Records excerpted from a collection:
* * * * * * * * *

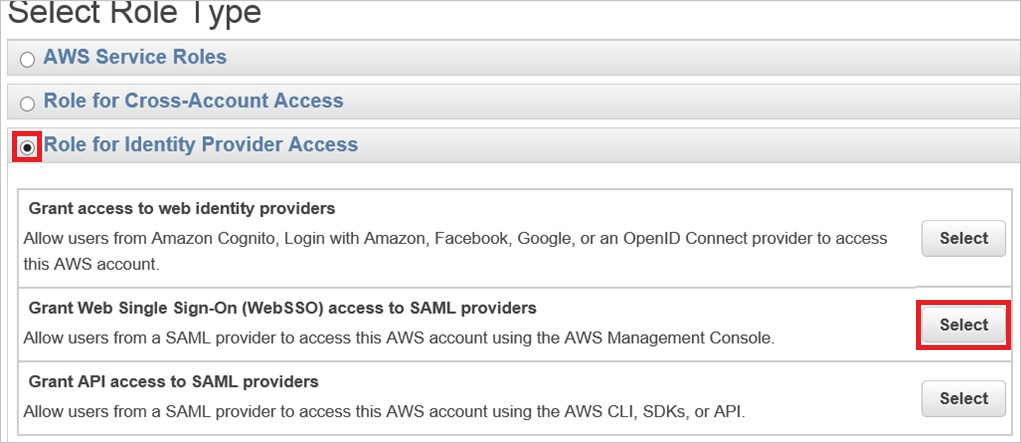 b. 在授予 SAML 提供程序的 Web 单一访问 (WebSSO) 访问权限部分中,单击“选择”。
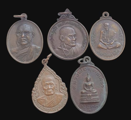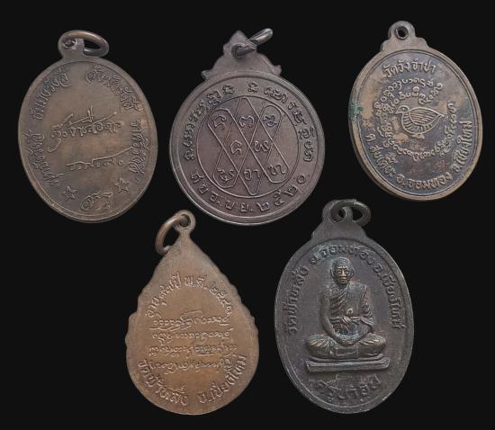 พร้อมกันทีเดียว 5 เหรียญครับ เหรียญครูบาแก้ว วัดดอยโมคคลาน + เหรียญครูบาราศรี ตุ๊เจ้าเสือดาว + เหรียญครูบากันทา วัดวังจำปา+เหรียญ ครูบา อิน อินโท
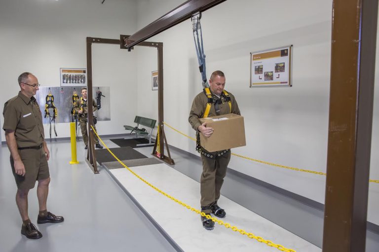 UPS medarbetare hålls i koppel på hal is
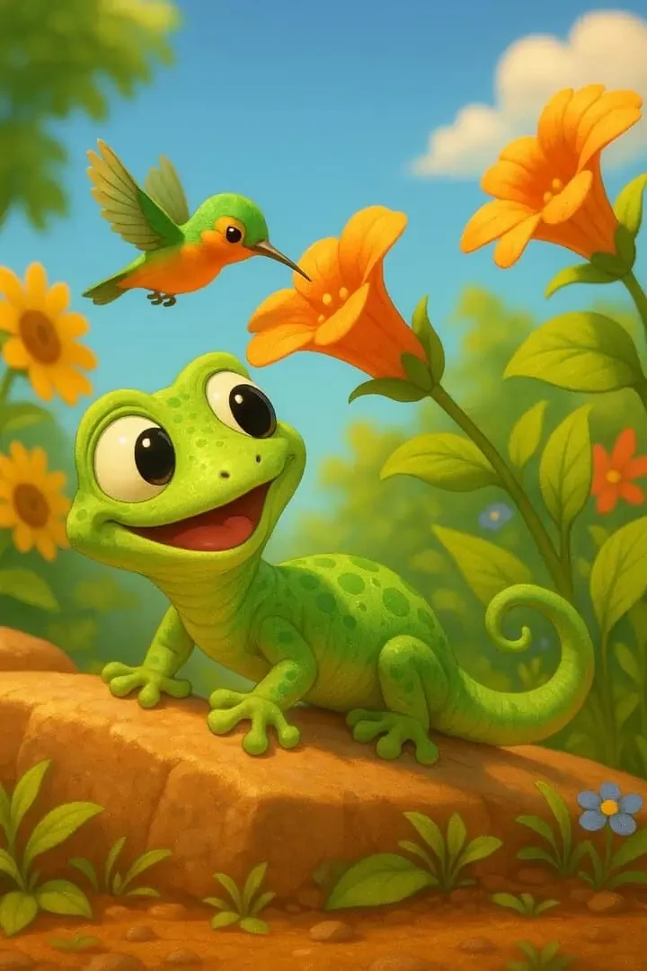 Egyik reggel, miközben a virágok között szaladt, különös dolgot vett észre: egy árnyék suhant el a feje fölött. Felnézett – és egy madár! De nem akármilyen! Ez egy kolibri volt, aki gyorsabban verdesett a szárnyaival, mint bármi, amit Guszti valaha látott.
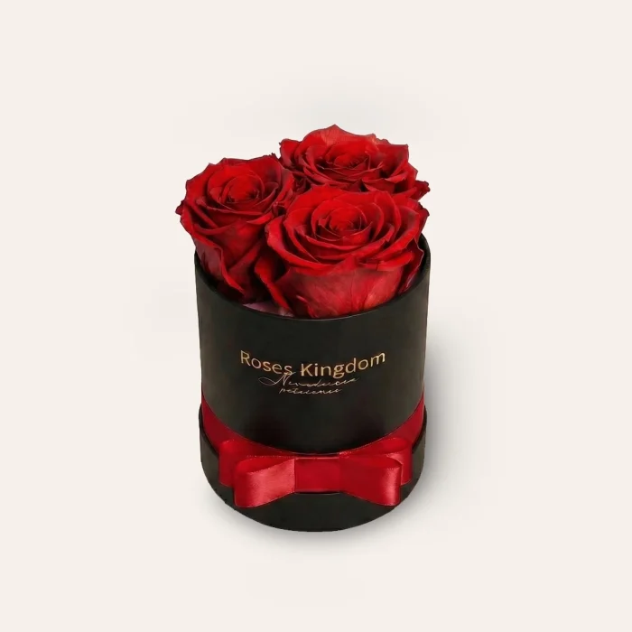 Průměr boxu je 8,5 cm a výška 9 cm. V boxu jsou 3 růže o průměru 5-6 cm. Žive stabilizovaná růže s výdrží 1-3 roky. Koženkový potah s luxusním logem ve zlaté barvě a doladěnou mašlí podle barvy květů. Vytvoříme pro Vás věnování podle Vašich představ.
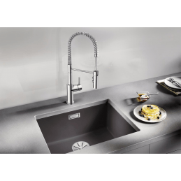 Táto profesionálna kuchynská batéria BLANCO spája moderný dizajn, vysokú funkčnosť a precízne spracovanie. Nerezová pružina umožňuje voľný pohyb spršky po celej oblasti drezu, pričom ju možno jednoducho zaaretovať do tela batérie. Vďaka praktickému riešeniu poskytuje maximálnu slobodu pri práci v kuchyni – ideálne pre bežné aj intenzívne používanie.
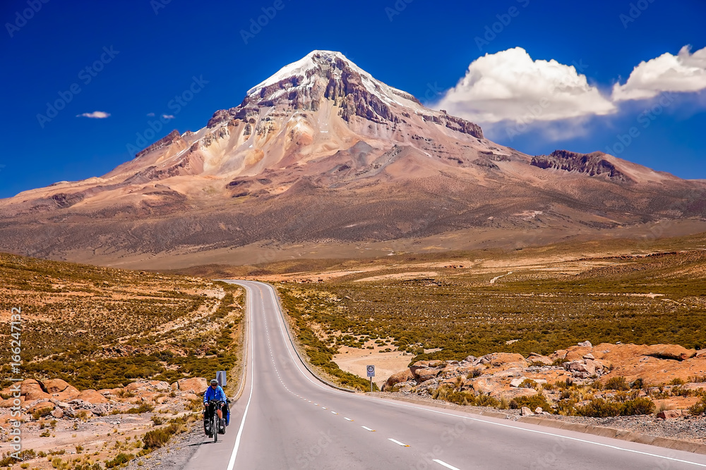 Cycling on the beautiful road in front of Nevado Sajama volcano

* * * * * * * * *

* _EXERCISE AIM_:
The task calls for every record to be transcribed exactly, with no images included.

* _RESULT BELOW_:
 b. 在授予 SAML 提供程序的 Web 单一访问 (WebSSO) 访问权限部分中,单击“选择”。
 พร้อมกันทีเดียว 5 เหรียญครับ เหรียญครูบาแก้ว วัดดอยโมคคลาน + เหรียญครูบาราศรี ตุ๊เจ้าเสือดาว + เหรียญครูบากันทา วัดวังจำปา+เหรียญ ครูบา อิน อินโท
 UPS medarbetare hålls i koppel på hal is
 Egyik reggel, miközben a virágok között szaladt, különös dolgot vett észre: egy árnyék suhant el a feje fölött. Felnézett – és egy madár! De nem akármilyen! Ez egy kolibri volt, aki gyorsabban verdesett a szárnyaival, mint bármi, amit Guszti valaha látott.
 Průměr boxu je 8,5 cm a výška 9 cm. V boxu jsou 3 růže o průměru 5-6 cm. Žive stabilizovaná růže s výdrží 1-3 roky. Koženkový potah s luxusním logem ve zlaté barvě a doladěnou mašlí podle barvy květů. Vytvoříme pro Vás věnování podle Vašich představ.
 Táto profesionálna kuchynská batéria BLANCO spája moderný dizajn, vysokú funkčnosť a precízne spracovanie. Nerezová pružina umožňuje voľný pohyb spršky po celej oblasti drezu, pričom ju možno jednoducho zaaretovať do tela batérie. Vďaka praktickému riešeniu poskytuje maximálnu slobodu pri práci v kuchyni – ideálne pre bežné aj intenzívne používanie.
 Cycling on the beautiful road in front of Nevado Sajama volcano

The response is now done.